Permanent Secretary, Public Service Division, Prime Minister’s Office
- Incumbent
- Assumed office 2005

Permanent Secretary (Finance) (Performance), Ministry of Finance
- In office 2012–2017

Chairman, Accounting and Corporate Regulatory Authority
- Incumbent
- Assumed office 2017

Personal details
- Born: 1959 (age 66–67) Singapore
- Alma mater: University of Adelaide (B.Econ.) Harvard University (M.P.A.)
- Occupation: Civil servant
- Known for: First female Permanent Secretary in Singapore Public Service
- Awards: Public Administration Medal (Silver) (1998) Public Administration Medal (Gold) (2004)

= Lim Soo Hoon =

Singaporean civil servant

Lim Soo Hoon (林秀勋) is the first female Permanent Secretary of Singapore in the Public Service Division of the office of the Prime Minister of Singapore. Lim held other high-profile positions at Singapore's Ministry of Trade and Industry, then later into positions in Singapore's Ministry of Transport, and then in the Ministry of Manpower, and Ministry of Community Development, Youth and Sports. Lim became Singapore's Woman of the Year in 1997.

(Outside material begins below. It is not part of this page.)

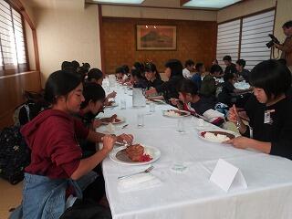 その後、全員元気にテーブルマナーの指導を受けた後にナイフとフォークを使って食事をいただいたそうです。
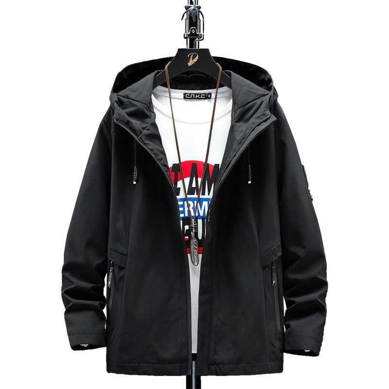 Spring Jacket Men's Hooded Jacket Youth Thin Jacket Outdoor Sports Casual Jacket Plus Size 5XL

Lim was awarded the Silver Public Administration Medal in 1998 and the Gold Public Administration Medal in 2004.

Lim has served in the public sector for 36 years, her final position being the Permanent Secretary at the Ministry of Finance before retirement.

Lim will continue working as chairman of the Accounting and Corporate Regulatory Authority (Acra) Board.